The deportation scene (vv. 9-11) introduces surreal imagery with precise detail. The two women have "wind in their wings" (rûaḥ bᵉkanpêhem), the word rûaḥ carrying associations of both natural wind and supernatural spirit. Their wings are "like the wings of the stork" (kᵉkanpê haḥᵃsîdâ), the simile grounding the fantastic in observable nature while maintaining symbolic freight. They lift the ephah "between the earth and the heavens" (bên hāʾāreṣ ûbên haššāmāyim), suspending wickedness in cosmic transit, neither earthly nor heavenly but in exile. Zechariah's question "Where are they taking the ephah?" (ʾānâ hēmmâ môlîkôt) receives a geographically and theologically loaded answer: "to build for her a house in the land of Shinar" (libnôt-lāh bayit bᵉʾereṣ šinʿār).
The infinitive construct libnôt ("to build") with the prepositional suffix lāh ("for her") indicates purpose and beneficiary—a house custom-built for wickedness. The final clause employs two passive verbs in sequence: "when it is prepared" (wᵉhûkan, Hophal of kwn) and "she will be set there" (wᵉhunniḥâ, Hophal of nwḥ). The passives suggest divine orchestration behind the visible action; God is removing wickedness from his land and establishing it in its proper place. The phrase "on her own pedestal" (ʿal-mᵉkunātāh) uses the same root (kwn) as "prepared," creating wordplay: wickedness will be established (kun) on its establishment (mᵉkunâ) in the land of confusion. The vision thus presents a cosmic housecleaning, with evil not merely suppressed but relocated to its archetypal home.
Wickedness cannot simply be destroyed; it must be exiled to its proper place, far from the dwelling of God. The vision promises that covenant unfaithfulness will not coexist with temple worship—what Babylon represents must return to Babylon, leaving the land purified for Yahweh's presence.
"Yahweh" throughout Zechariah preserves the covenant name rather than the generic "LORD," maintaining the personal and relational force of Israel's God who speaks through night visions. The prophet's consistent use of the divine name underscores that these revelations come from Israel's covenant partner, not an abstract deity.
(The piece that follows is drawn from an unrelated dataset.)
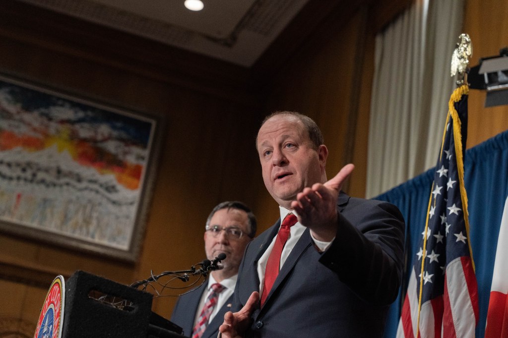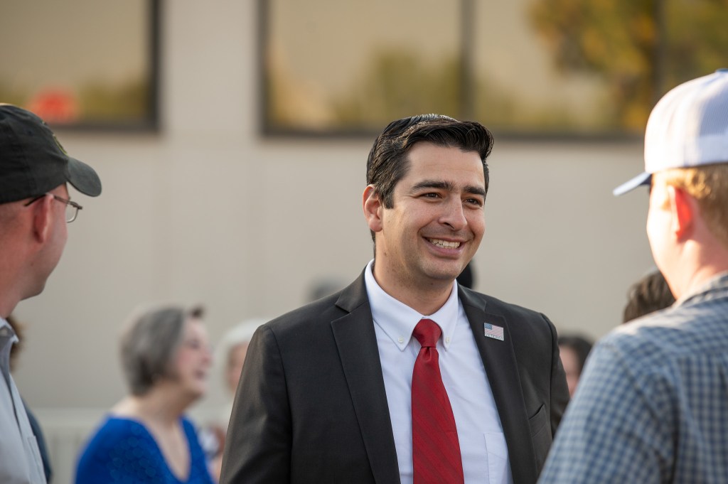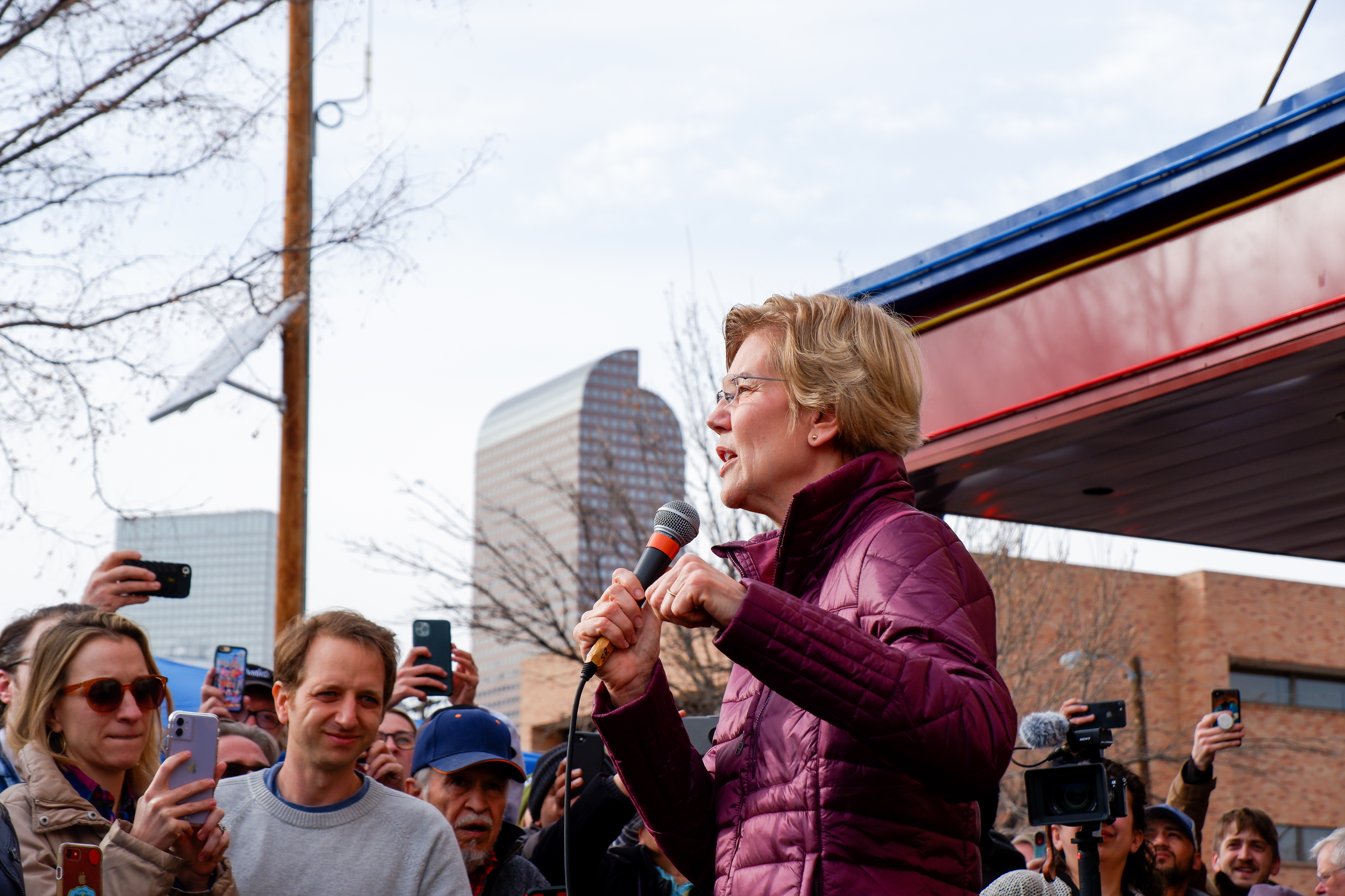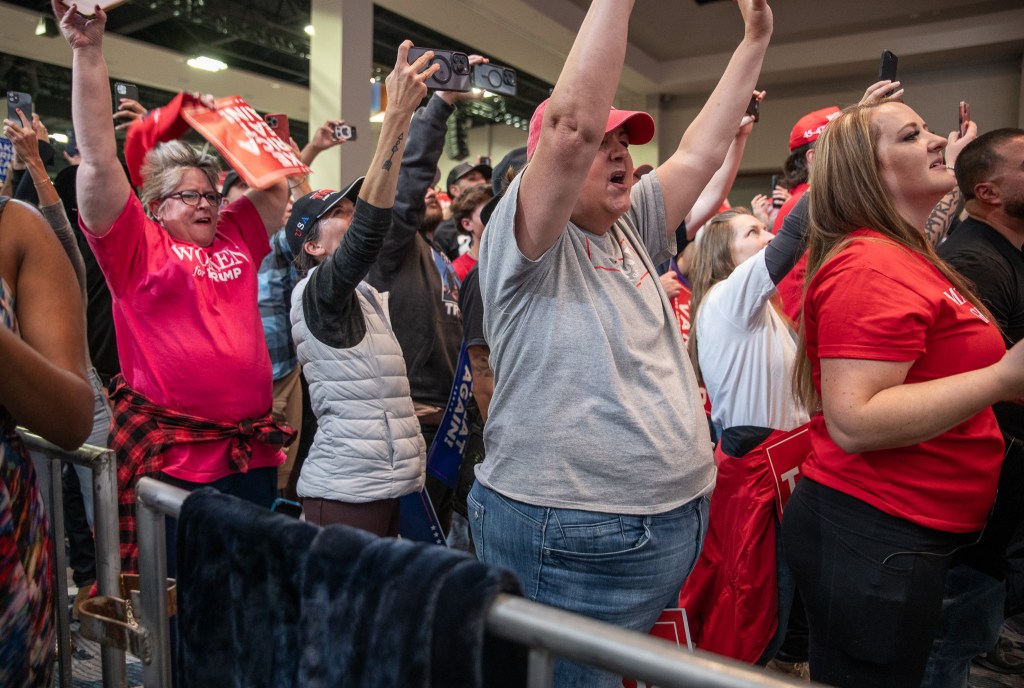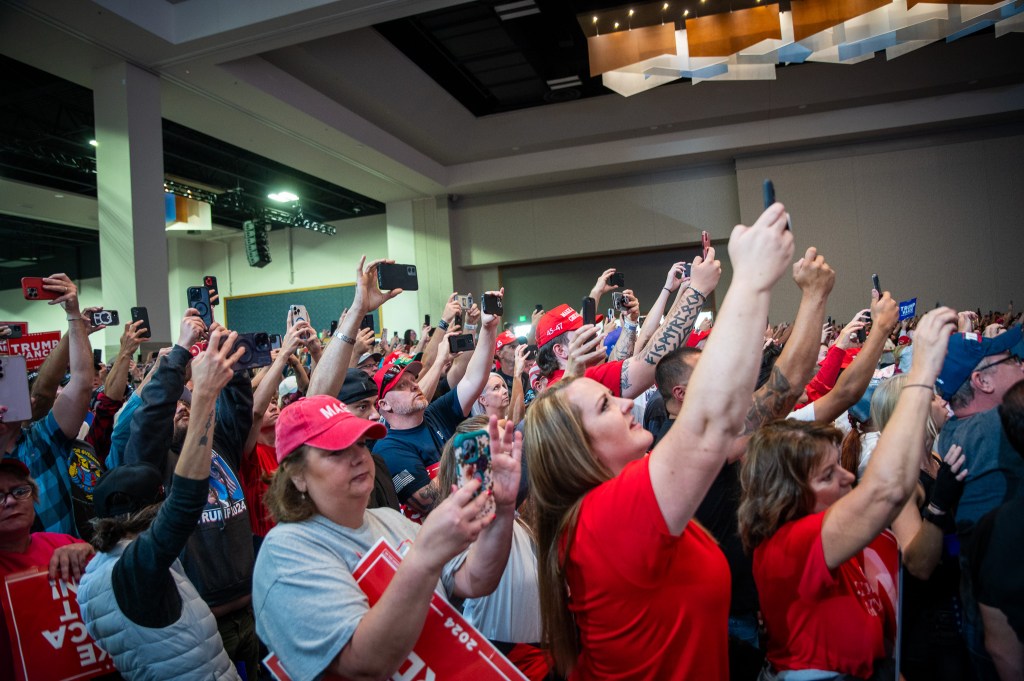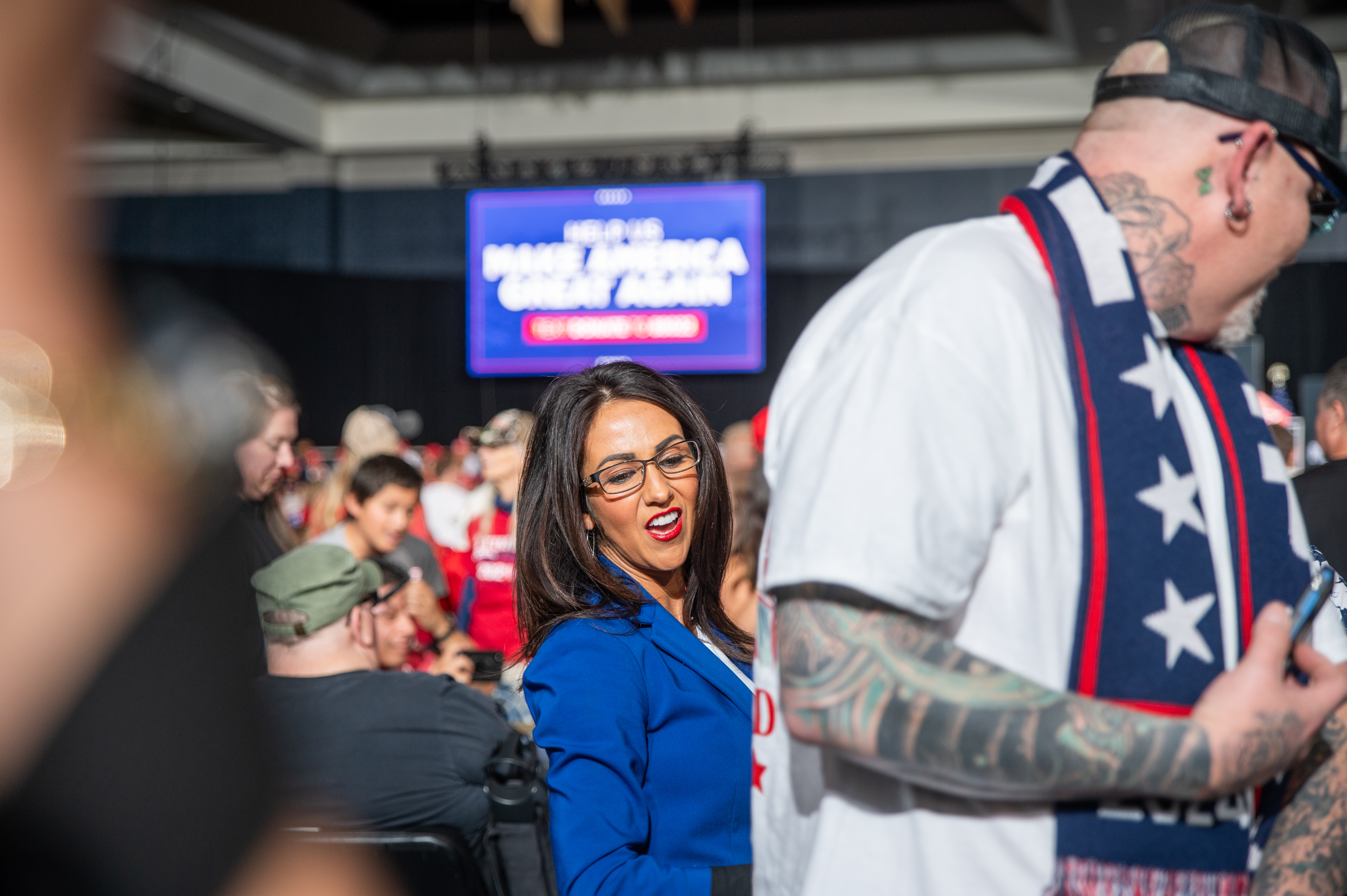U.S. Rep. Lauren Boebert, R-Windsor, checks out a T-shirt before former President Donald Trump speaks at a rally in Aurora, Colorado, on Friday, Oct. 11, 2024. (Jesse Paul, The Colorado Sun)

"Wickedness" (hārišʿâ) is rendered with the definite article in verse 8, capturing the Hebrew's personification of evil as a specific entity to be identified and removed. The LSB's choice to capitalize "Wickedness" reflects the personification without obscuring the underlying Hebrew noun, allowing readers to see both the abstract concept and its embodied representation in the vision.